Ever wondered why the meals on flight are seldom to your taste? In all likelihood, it’s your suppressed sense of taste at 30,000 feet, rather than the food supplier’s lack of culinary skills to blame. With this knowledge, airlines are gearing up to trick your taste buds into offering you a finer culinary experience on board. Take a closer look at the trend with UNIGLOBE experts.

A 2010 study indicates that sensitivity to sweet and salty food drops by 30% in the air, compared to when we’re on the ground. The background noise on the plane, the low pressure conditions, dry air and the plastic cutlery and cups, are responsible for the poor tasting food. At high altitudes, only umami – the pleasant savoury “fifth” taste is enhanced.  No wonder, tomato juice, which may not be your beverage of choice on solid ground, suddenly tastes nice mid-air.
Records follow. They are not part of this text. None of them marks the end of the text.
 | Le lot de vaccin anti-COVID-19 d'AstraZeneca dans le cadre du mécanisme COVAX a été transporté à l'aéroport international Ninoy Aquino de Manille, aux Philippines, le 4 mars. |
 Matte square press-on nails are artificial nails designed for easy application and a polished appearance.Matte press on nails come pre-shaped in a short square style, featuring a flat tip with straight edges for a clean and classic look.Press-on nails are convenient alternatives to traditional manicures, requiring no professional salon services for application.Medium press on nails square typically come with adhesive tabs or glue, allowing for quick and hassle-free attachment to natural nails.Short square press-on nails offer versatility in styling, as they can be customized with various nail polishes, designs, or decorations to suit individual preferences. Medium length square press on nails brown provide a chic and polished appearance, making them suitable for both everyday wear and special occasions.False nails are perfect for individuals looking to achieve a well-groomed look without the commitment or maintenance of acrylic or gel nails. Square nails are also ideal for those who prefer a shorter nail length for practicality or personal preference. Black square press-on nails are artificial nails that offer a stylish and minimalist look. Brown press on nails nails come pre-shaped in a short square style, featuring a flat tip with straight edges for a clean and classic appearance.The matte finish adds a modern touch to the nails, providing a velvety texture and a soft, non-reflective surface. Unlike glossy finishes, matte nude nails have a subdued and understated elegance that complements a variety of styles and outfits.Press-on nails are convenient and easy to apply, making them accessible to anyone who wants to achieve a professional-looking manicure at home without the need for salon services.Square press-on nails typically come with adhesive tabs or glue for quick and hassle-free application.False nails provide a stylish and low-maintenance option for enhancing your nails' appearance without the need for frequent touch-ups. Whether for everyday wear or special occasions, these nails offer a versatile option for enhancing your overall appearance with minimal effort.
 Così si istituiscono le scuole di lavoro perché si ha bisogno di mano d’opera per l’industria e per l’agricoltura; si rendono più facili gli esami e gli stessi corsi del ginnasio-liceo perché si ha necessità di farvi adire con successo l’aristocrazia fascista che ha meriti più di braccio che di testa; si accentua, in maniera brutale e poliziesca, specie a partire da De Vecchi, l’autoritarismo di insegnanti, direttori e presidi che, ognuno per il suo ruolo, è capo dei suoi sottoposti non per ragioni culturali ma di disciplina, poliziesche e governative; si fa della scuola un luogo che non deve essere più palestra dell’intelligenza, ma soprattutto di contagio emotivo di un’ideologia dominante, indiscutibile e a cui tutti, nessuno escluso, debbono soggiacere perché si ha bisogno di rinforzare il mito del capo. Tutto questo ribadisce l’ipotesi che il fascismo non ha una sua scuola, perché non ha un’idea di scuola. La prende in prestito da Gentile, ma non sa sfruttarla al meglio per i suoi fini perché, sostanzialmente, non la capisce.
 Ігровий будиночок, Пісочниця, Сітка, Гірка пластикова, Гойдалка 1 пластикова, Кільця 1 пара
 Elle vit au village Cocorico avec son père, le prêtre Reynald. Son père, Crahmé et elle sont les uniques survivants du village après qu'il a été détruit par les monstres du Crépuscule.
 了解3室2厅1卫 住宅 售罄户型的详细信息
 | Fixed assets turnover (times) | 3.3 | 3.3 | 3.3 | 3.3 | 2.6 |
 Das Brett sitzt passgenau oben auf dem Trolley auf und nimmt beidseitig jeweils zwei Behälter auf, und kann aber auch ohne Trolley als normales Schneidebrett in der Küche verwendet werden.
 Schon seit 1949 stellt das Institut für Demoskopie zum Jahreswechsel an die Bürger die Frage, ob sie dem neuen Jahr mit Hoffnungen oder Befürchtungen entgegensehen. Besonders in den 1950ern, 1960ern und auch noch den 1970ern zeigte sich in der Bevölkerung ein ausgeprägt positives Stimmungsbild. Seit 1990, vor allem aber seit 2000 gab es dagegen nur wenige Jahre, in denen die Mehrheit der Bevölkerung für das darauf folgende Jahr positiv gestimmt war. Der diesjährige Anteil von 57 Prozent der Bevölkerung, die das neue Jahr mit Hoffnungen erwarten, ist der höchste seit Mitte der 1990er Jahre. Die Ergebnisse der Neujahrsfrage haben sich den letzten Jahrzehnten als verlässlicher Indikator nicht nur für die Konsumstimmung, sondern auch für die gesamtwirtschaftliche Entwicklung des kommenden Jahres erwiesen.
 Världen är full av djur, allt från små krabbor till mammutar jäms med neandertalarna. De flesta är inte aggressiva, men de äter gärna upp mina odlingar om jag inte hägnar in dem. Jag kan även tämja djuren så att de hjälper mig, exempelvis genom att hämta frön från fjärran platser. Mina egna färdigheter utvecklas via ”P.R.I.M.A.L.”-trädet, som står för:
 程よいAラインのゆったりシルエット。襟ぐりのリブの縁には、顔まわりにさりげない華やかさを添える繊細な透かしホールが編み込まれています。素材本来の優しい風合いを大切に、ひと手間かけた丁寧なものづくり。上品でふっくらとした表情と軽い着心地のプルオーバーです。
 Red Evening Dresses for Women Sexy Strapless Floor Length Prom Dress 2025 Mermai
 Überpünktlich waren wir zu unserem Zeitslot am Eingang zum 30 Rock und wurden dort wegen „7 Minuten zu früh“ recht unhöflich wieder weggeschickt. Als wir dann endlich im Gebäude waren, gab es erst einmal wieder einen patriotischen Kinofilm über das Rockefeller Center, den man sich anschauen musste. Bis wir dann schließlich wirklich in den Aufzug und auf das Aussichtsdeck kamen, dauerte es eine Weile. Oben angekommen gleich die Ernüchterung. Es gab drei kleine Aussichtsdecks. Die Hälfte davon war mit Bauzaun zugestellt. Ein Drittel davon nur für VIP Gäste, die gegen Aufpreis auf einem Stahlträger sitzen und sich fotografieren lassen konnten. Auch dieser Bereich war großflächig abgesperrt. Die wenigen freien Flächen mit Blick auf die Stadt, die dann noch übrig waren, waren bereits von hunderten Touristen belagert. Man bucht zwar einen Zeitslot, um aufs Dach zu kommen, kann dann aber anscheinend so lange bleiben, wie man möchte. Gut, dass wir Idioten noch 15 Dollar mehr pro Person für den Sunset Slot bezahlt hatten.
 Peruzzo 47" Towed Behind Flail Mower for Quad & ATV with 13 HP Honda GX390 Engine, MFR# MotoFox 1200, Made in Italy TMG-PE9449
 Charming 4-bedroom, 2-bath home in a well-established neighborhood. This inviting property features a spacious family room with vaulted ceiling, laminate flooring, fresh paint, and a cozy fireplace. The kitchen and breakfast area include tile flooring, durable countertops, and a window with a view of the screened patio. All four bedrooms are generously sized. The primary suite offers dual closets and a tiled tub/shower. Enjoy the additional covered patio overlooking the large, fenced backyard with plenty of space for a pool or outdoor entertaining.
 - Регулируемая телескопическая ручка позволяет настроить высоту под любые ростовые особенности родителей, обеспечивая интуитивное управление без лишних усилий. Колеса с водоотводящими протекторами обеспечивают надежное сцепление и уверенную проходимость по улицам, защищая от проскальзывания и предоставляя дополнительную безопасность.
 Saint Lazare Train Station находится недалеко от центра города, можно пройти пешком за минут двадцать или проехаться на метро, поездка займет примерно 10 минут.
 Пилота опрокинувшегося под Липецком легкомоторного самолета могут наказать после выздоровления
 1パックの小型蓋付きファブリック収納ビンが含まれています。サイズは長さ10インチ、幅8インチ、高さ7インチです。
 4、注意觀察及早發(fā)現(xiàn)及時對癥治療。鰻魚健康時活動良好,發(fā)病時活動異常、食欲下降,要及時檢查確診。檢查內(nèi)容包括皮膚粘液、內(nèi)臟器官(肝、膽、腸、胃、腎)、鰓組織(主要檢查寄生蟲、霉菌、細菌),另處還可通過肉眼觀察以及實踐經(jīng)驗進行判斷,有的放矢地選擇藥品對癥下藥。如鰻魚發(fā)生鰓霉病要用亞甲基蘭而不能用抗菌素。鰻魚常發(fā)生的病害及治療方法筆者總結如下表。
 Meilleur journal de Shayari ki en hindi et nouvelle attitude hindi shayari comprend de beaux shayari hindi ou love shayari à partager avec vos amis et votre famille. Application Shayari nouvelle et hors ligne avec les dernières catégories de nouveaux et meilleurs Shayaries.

Studies suggest, low humidity and low pressure affect the way and order in which molecules travel to our senses. At 30,000 feet, the cabin air is dry. This affects the way the brain interprets signals and impairs our sense of smell.

“Armed with this knowledge, airlines are attempting to plug the sensory gap. Some are experimenting with ‘sonic seasoning’, like playing tinkling music or offering plates and glasses that make that sound, as it brings out the sweetness in meals. Others are introducing beers with honey and dragon eye, especially brewed to taste good while airborne. Some are even ordering wines that fare better at high altitude, like the ones from Chile, where grapes are grown and blended at high altitudes,” adds a UNIGLOBE expert.

As more carriers across the world catch on the trend, your meals on board, only get more palatable from here. Bon appetit!